Instructions for the task →
The answer consists of the lines from the line holding "ぜんまい綿だけだと繊維が短く" through the last line of the entries, retyped exactly, and nothing else. No pictures belong in it.

[Stored items from a collection]
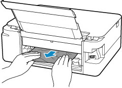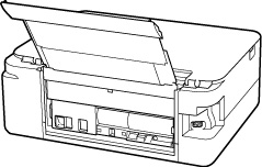 Вкарайте издадените части от дясната страна на задния капак в принтера и след това бутнете лявата страна на задния капак, докато не се затвори докрай.
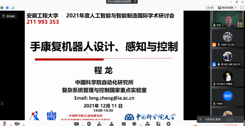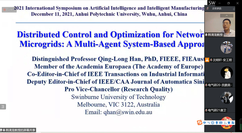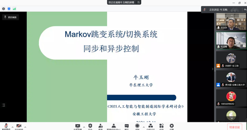 12月11日,2021年人工智能与智能制造国际学术研讨会顺利在线召开。本次研讨会由安徽省高端装备智能控制国际联合研究中心、高端装备先进感知与智能控制教育部重点实验室、公司数理与金融公司承办。公司党委常委、副董事长费为银教授主持开幕式并致欢迎辞。
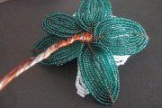 Осталось для бутонов сплести четыре чашелистика. Подготавливаем еще один отрезок проволочки, длиной 0,9 м. Далее на ось, необходимо нанизать четырнадцать бисеринок и сделать двенадцать дуг в шесть витков.
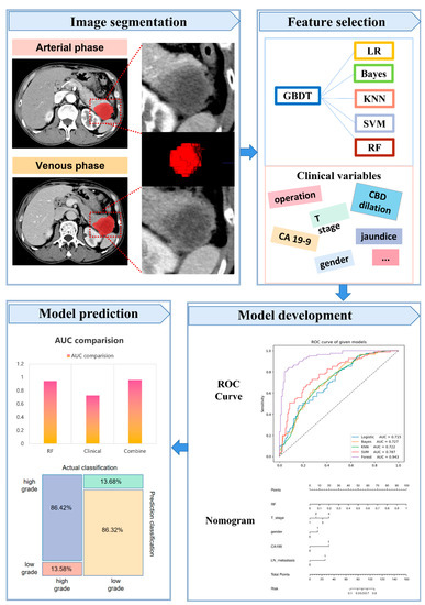 Histological grade is considered as a significant independent factor in PDAC, and low-grade PDAC is associated with longer postoperative survival [6,7], while high-grade PDAC is inclined to predict shorter survival and higher mortality [8]. Furthermore, high-grade PDAC do not have an obviously improved prognosis after radical surgery, and these patients could be influenced by postoperative complications such as pancreatitis and pancreatic fistula, and have to endure an awful quality of living [9,10]. Previous studies have reported [11,12,13], combining serum tumor biomarkers and invasive CT manifestation, high-grade PDAC is prone to receive chemotherapy, radiotherapy and palliative therapy, and low-grade PDAC without invasive signs was suggested to undergo operation as early as possible. Currently, the histological grade of PDAC is merely evaluated by postoperative specimen which is highly invasive and may delay the choice of available therapeutic protocol [14,15]. Moreover, the sample obtained by puncture biopsy is not accurate because it couldn’t represent the whole tumor due to heterogeneity in time and space. Thus, one precise and preoperative diagnosis tool is necessary for realizing precision medicine.
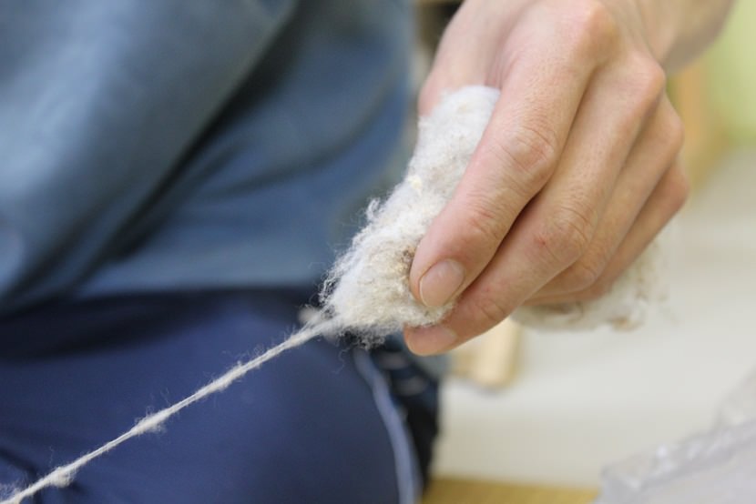 ぜんまい綿だけだと繊維が短くて糸が切れやすいし、ハンドカーダーという道具でブラッシングする時もひっかかってやりづらかったです。
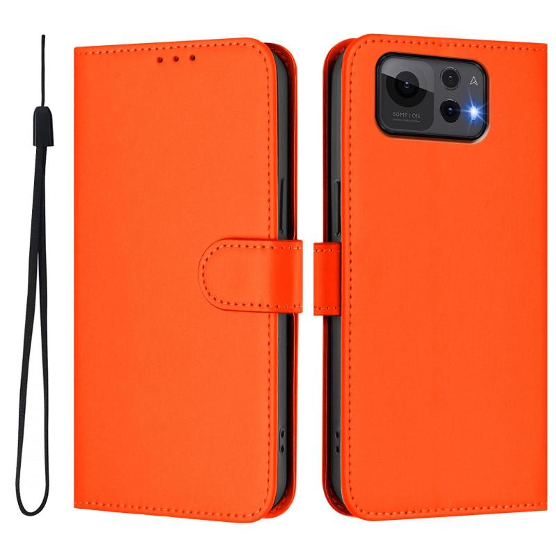For Asus Zenfone 12 Ultra Skin Feel Solid Color Leather Phone Case with Lanyard(Orange)
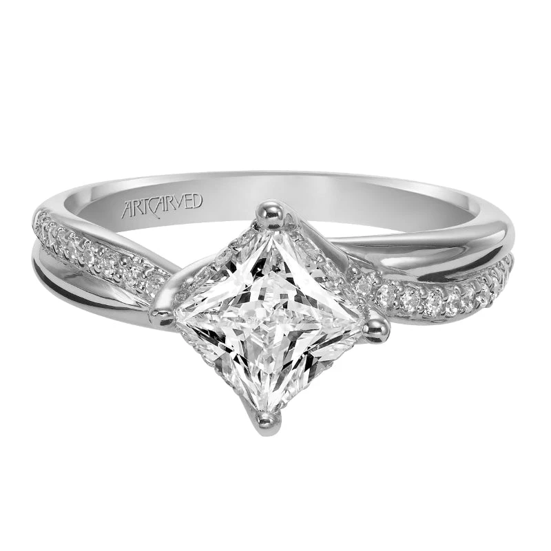 SKU: Y2ZYA 82313264499511 Categories: Engagement Rings, Twisted Tags: Category_l1: Engagement Rings>Twisted, Category_l2: Twisted, Category_tree: Engagement Rings>Twisted, Center_stone_shape: Princess, Collection: Twist, Designer: ArtCarved Bridal, Diamond_setting: Prong, Gemstone_color: White, Gender: Women, Metal_color: White, Metal_type: 14k Gold, Number_of_diamonds: 33, Type_of_gemstone: Cubic Zirconia
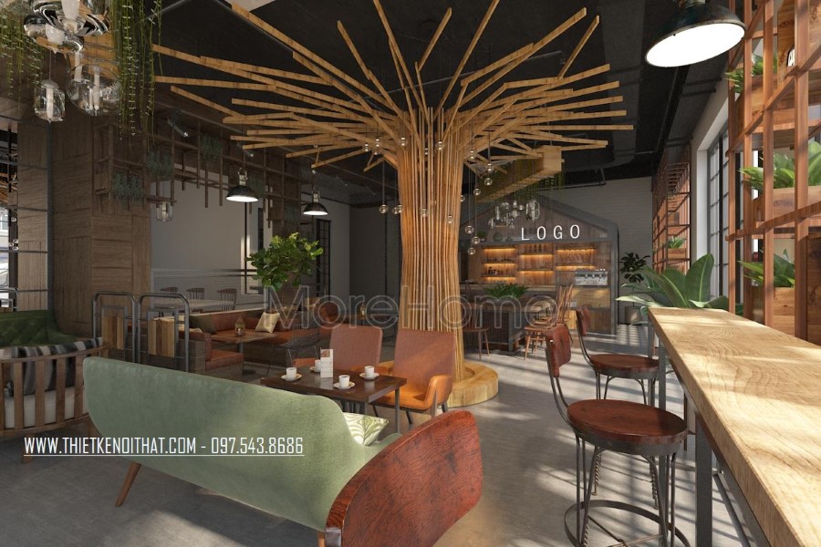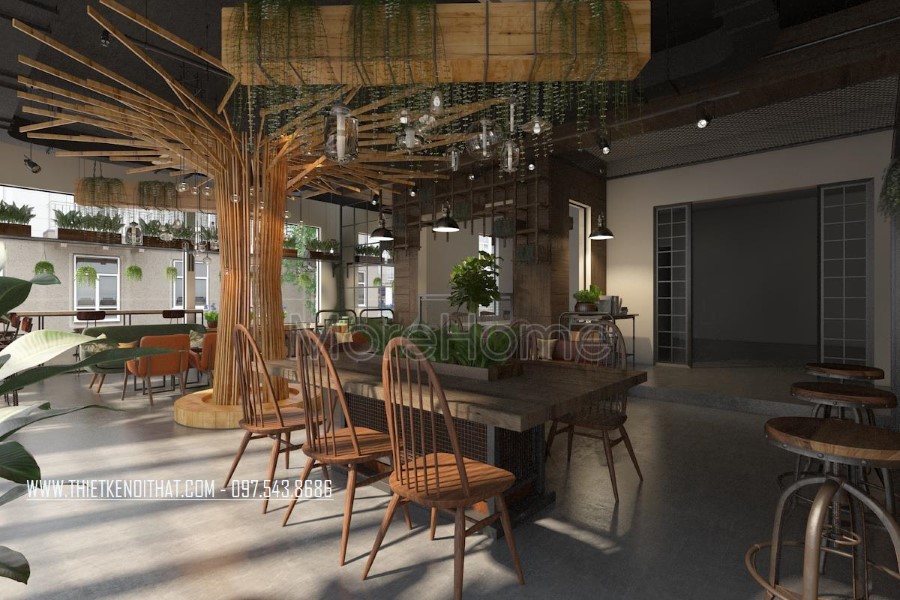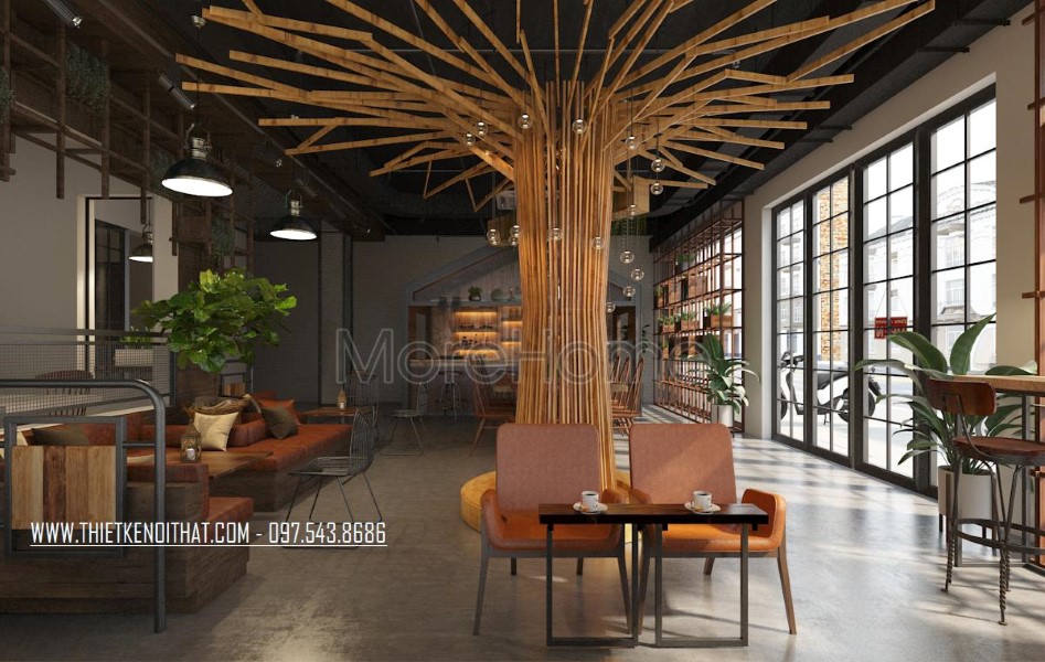 Thiết kế quán cafe với nội thất gỗ hiện đại khách sạn cao cấp

Written solution →
 ぜんまい綿だけだと繊維が短くて糸が切れやすいし、ハンドカーダーという道具でブラッシングする時もひっかかってやりづらかったです。
For Asus Zenfone 12 Ultra Skin Feel Solid Color Leather Phone Case with Lanyard(Orange)
 SKU: Y2ZYA 82313264499511 Categories: Engagement Rings, Twisted Tags: Category_l1: Engagement Rings>Twisted, Category_l2: Twisted, Category_tree: Engagement Rings>Twisted, Center_stone_shape: Princess, Collection: Twist, Designer: ArtCarved Bridal, Diamond_setting: Prong, Gemstone_color: White, Gender: Women, Metal_color: White, Metal_type: 14k Gold, Number_of_diamonds: 33, Type_of_gemstone: Cubic Zirconia
 Thiết kế quán cafe với nội thất gỗ hiện đại khách sạn cao cấp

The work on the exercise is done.